You told Zander to shut up, that Jake had changed, that if everyone were the same as they were four years ago, then the world would be on fire by now. Zander said it already is. He’s annoying.
Some time later, you and the band were headlining in bumfuck who-knows-where North Carolina, someplace on the beach with sandflies and palm trees. Geezers with sunburn in the crowd, and Jake had never sung by himself on stage before. Your band manager said that the set would sound better without accompaniment, and you were just getting over a cold anyway, so you decided, “yeah, I’ll sit this one out” “no problem.” You don’t like giving the staff trouble.
So you watched from the wings and maybe that’s when the glass first broke, seeing Jake glow, floating off his feet like a ghost untethered from this world— weightless and buoyant and free, his own little planet in peaceful, peaceful free fall through hundreds of thousands of galaxies at a time. He moved like– like a fucking beacon in a world full of moths; swarming, disgusting little insects drawn to share his light, his energy, his magic. And you want it too.
It’s not news that Jake’s special. You just didn't think that would make you feel so unspecial. ‘Til now.
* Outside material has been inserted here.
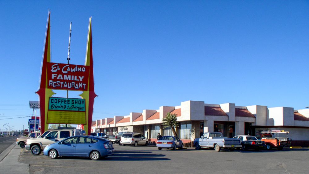 I was in Socorro to visit the Trinity Test Site. I needed a good and early breakfast and this place had all the earmarks of a great place to eat–including the local law enforcement catching their breakfast. I still remember the huevos racheros con salsa verde, (Socorro, New Mexico, 2005)

The song he was singing was a ballad, for lack of better words. It wasn't slow per se, just… quieter. Sweeter, more sincere. A boat without a lighthouse in a directionless sort of sense. Lilting, kind of. Like a skipping rock quietly padding along on a lake; a dark, still lake– that kind of beat, at least– and it startles the birds away. But the fans fucking love it, you do too. Because it’s magic .
You remember the first time you read it on a paper, scratched-out lines and doodles of space and soccer balls, you remember Jake humming it beneath his breath, scrap homework and song titles scribbled in their margins. You remember how your heart would implode like a submarine sank to the ocean floor when you read the lyrics, when you would take an expedition across the insides of Jake’s mind and think what you saw in there was real, would ever mean anything.
You thought it was a magic carpet ride when all it turned out to be was a swan-dive off a six story building.
The song wasn’t about you. None of them were. Not any of the meaningful ones, anyway.
You realized it when you spotted some guy in the far back, glint in the sun, glitch in the matrix. You realized it with his stupid fucking hair and his stupid fucking lips and his sunglasses and his bangs and his outrageously expensive Treasurer Blacks you can still remember smelling on Jake when you were teens. You realized it when he noticed you, when he looked around to everyone else, like, ‘are you seeing this?’ and laughed, big and boisterous and wolfish. Loud. You were probably glaring at him. So what?
Four goddamn years and he’s… he’s like fucking PFAS . Those molecules that come out of factories and stick around forever, causing cancer and building up in the environment and whatnot. (And of course he’s in North Carolina. Of course he is .)
You turned to Jake, and that was when you saw it. His face, the face you fell in love with, lit up like trace blood under luminol. Lit like Drew had so effortlessly shined a light inside the dark room you spent forever feeling around for, trying as hard as you could to make a shape of.
He was glancing at Drew in the audience, shoulders loose like a puppet without its strings, limbs free, eyes glittery. A tumbleweed in the wind, light and giddy off his feet. Fucking terrifying.
Jake didn’t ever stare at you like that, he couldn’t. Love is a look on someone’s face, and you only noticed it once you saw it on your boyfriend’s, on Drew’s. Together. Apart. Away from you.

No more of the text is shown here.